Marketing Americana across the world

A while back I participated in a discussion on the American brand and the beating it's taking throughout the world. Though the session was more about the appropriation of mega-brands like Apple, Coke, and Levi's, it's conversely interesting to see international brands market themselves as particularly American--with mixed levels of success. Below are a few retailers who sell the American dream throughout the world.

While mostly having locations throughout Asia, this South Korean brand for teens has recently landed in the US ,with stores in Connecticut and New Jersey. Somewhat of a nu-preppy brand, with a Hollister feel. Product assortment includes traditional items like ties, bow ties, and blazers. However, the graphics and imagery could use some work. The cracks begin, for example, on the webpage. The loading page features sparkles and an orange that could be straight from a Sega video game. Likewise, while the photography is well-staged, the sepia tones are a touch forced. The brand is featured in Portfolio magazine.

Jack Wills
A mash-up of Abercrombie circa-1998 and the American Eagle of today, this is well-done brand immersion. The similarity to late 90’s Abercrombie is because of the commitment to layered, well-done imagery (I can’t say early-90’s because the merchandise doesn’t appear to be as quality, and I can’t say today’s because A&F is no longer preppy at all). Really well-done collection films, probably better than any actual American brands.

Geddes and Gillmore
I’ve never seen a more direct imitator of another company. From the logo to the store architecture, everything is stolen from Abercrombie’s handbook circa 2005. The models, the way imagery is post-produced, the logo behind figures in photographs—everything is practically identical. What makes Geddes particularly odd is in reading the online brand “story,” which is filled with truly bizarre anecdotes and inconsistencies (like giving three different spellings for one of the founders).
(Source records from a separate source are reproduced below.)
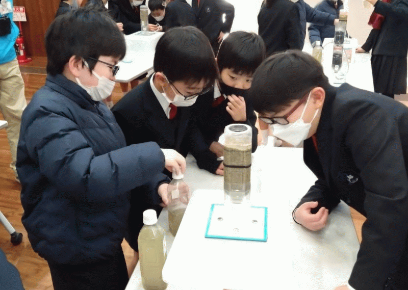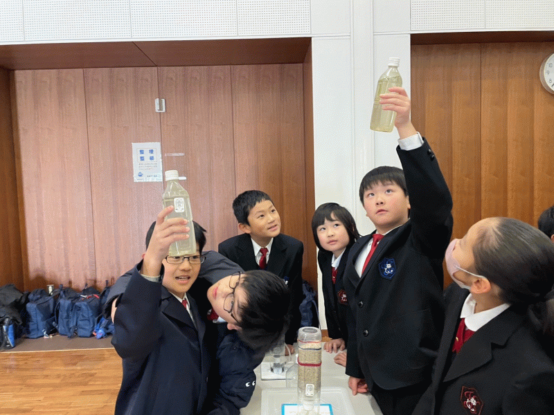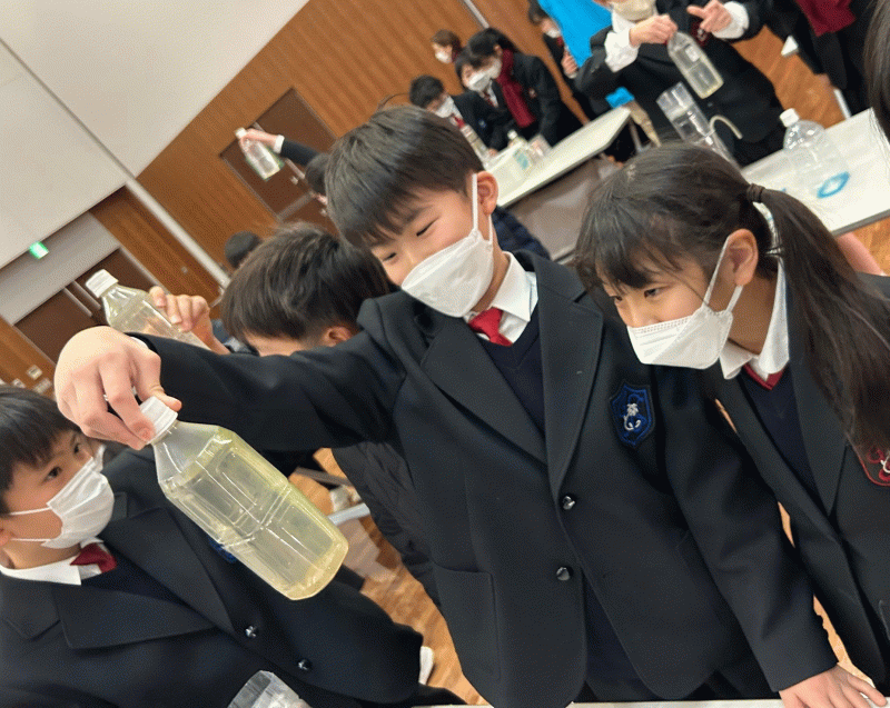 濁った水がろ過装置を通すことで、においが消えて透明になることを、実験からも学びました。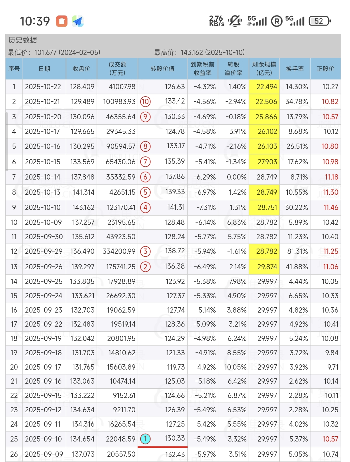 4. 9.25-10.9 转股价值2天高于130;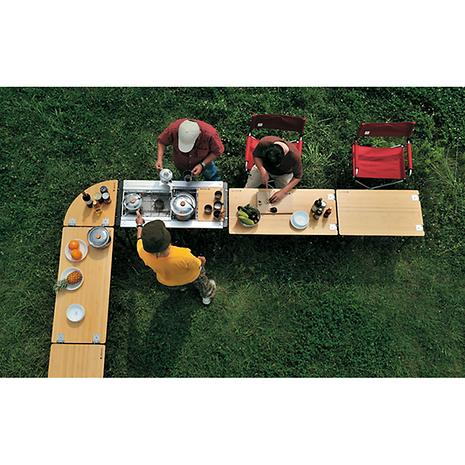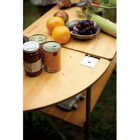 アイアングリルテーブルの左用拡張テーブル。テーブル同士を無限に連結可能です。セットするには脚が必要です。天板の素材は美しい竹集成材を採用しています。見た目にも優しい寛ぎの場を提供いたします。

Though considered an all-American brand, Gant is currently Swiss-owned. Since trimming distribution and somewhat relaunching, the brand has been churning out amazing collections and has become a quality alternative to Polo Ralph Lauren. The stores, too, are terrific.

Lexington Company
A Ralph Lauren-inspired Swedish home goods supplier, Lexington's execution is just about perfect. Product, photography, graphic design and website are really on point. My only (slight) complaint–and I never, ever thought I’d say this–might be that they actually have too many lifestyle shots. I generally love establishing shots, but I’d actually like to see more product. Having said that, going through the collections is a terrific experience. Of particular interest are the “films” which are essentially slideshows of the latest collection imagery.

Lexington Clothing
While Lexington’s home goods site is very American traditional, and even has models in classic American clothing, Lexington Clothing is geared toward teens. Similar to Jack Wills, but a little less prep and a little more ski and surf.